## WHAT IS NEEDED
Restate word for word the lines of the entries below, starting with the line that holds "The kitchen is" and ending with the line that holds "这本书以增长八卦模型为基础,从用户的全生", and no others.

## THE RECORDS
^^^^^^^^
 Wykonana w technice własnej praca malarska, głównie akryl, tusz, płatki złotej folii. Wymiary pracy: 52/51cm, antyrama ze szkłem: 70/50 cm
^^^^^^^^
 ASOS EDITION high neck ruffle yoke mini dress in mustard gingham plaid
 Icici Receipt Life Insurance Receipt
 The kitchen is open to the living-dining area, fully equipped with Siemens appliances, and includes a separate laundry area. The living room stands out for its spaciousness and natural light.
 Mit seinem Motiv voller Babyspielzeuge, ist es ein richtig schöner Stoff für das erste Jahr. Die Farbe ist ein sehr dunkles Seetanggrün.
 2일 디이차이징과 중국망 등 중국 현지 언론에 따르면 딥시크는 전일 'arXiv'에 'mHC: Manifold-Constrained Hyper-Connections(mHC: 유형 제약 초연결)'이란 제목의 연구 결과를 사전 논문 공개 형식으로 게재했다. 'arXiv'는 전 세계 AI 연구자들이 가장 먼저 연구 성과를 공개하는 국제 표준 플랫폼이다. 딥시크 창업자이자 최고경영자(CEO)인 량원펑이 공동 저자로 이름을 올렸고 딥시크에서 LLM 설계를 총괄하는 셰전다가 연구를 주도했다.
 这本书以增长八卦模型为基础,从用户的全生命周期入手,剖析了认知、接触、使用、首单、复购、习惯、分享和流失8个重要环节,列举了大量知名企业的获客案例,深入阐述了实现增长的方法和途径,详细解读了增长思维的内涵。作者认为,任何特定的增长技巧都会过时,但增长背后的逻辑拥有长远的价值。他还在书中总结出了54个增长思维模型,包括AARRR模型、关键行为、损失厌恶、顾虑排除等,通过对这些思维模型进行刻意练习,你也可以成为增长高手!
^^^^^^^^
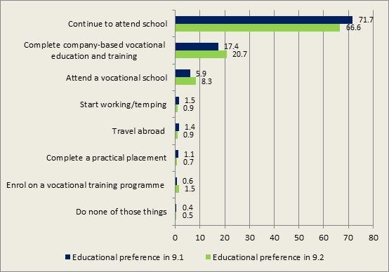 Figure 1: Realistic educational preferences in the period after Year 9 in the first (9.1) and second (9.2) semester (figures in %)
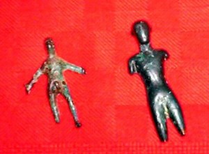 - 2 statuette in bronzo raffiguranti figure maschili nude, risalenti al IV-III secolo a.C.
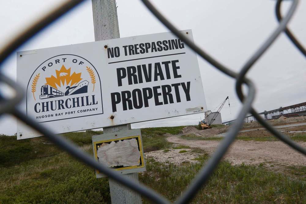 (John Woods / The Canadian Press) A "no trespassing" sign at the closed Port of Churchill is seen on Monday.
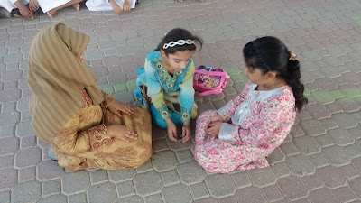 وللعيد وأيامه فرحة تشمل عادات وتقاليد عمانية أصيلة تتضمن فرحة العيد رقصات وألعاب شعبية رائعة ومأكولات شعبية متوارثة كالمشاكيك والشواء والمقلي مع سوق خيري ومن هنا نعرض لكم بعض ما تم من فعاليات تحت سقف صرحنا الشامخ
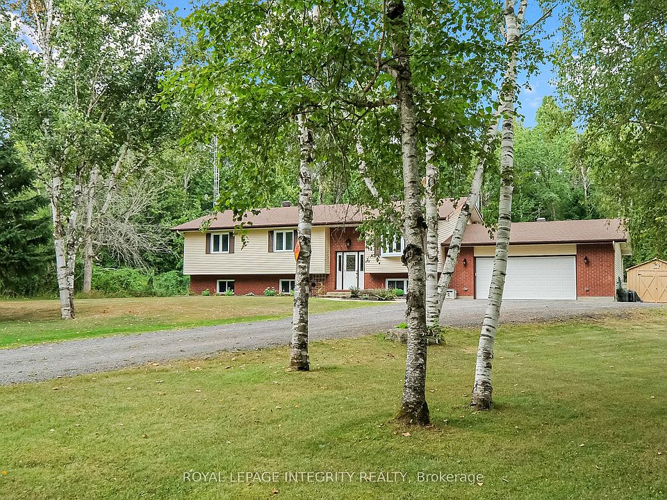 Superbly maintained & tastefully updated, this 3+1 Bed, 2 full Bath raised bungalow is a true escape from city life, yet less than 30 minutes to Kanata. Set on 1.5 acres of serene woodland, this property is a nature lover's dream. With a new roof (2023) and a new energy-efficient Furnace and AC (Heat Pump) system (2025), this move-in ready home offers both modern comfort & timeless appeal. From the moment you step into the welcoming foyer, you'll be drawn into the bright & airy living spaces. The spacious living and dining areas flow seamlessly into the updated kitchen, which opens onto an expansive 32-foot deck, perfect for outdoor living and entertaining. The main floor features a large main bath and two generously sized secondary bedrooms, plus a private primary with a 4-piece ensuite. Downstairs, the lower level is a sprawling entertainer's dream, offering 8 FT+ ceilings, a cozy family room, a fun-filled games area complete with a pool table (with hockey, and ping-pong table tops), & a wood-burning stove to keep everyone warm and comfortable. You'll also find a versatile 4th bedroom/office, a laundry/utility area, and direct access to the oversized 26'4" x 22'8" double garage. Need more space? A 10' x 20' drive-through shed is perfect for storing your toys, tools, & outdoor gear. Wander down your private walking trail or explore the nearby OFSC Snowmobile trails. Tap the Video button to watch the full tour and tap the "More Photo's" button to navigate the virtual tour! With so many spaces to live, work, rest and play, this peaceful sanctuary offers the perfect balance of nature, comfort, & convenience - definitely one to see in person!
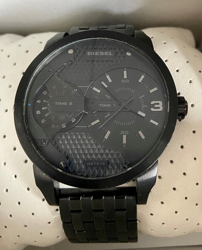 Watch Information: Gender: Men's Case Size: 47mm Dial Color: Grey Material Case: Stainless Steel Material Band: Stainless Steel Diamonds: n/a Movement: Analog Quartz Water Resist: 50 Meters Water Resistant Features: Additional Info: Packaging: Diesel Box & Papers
^^^^^^^^
## SOLUTION TO THE PROBLEM
 The kitchen is open to the living-dining area, fully equipped with Siemens appliances, and includes a separate laundry area. The living room stands out for its spaciousness and natural light.
 Mit seinem Motiv voller Babyspielzeuge, ist es ein richtig schöner Stoff für das erste Jahr. Die Farbe ist ein sehr dunkles Seetanggrün.
 2일 디이차이징과 중국망 등 중국 현지 언론에 따르면 딥시크는 전일 'arXiv'에 'mHC: Manifold-Constrained Hyper-Connections(mHC: 유형 제약 초연결)'이란 제목의 연구 결과를 사전 논문 공개 형식으로 게재했다. 'arXiv'는 전 세계 AI 연구자들이 가장 먼저 연구 성과를 공개하는 국제 표준 플랫폼이다. 딥시크 창업자이자 최고경영자(CEO)인 량원펑이 공동 저자로 이름을 올렸고 딥시크에서 LLM 설계를 총괄하는 셰전다가 연구를 주도했다.
 这本书以增长八卦模型为基础,从用户的全生命周期入手,剖析了认知、接触、使用、首单、复购、习惯、分享和流失8个重要环节,列举了大量知名企业的获客案例,深入阐述了实现增长的方法和途径,详细解读了增长思维的内涵。作者认为,任何特定的增长技巧都会过时,但增长背后的逻辑拥有长远的价值。他还在书中总结出了54个增长思维模型,包括AARRR模型、关键行为、损失厌恶、顾虑排除等,通过对这些思维模型进行刻意练习,你也可以成为增长高手!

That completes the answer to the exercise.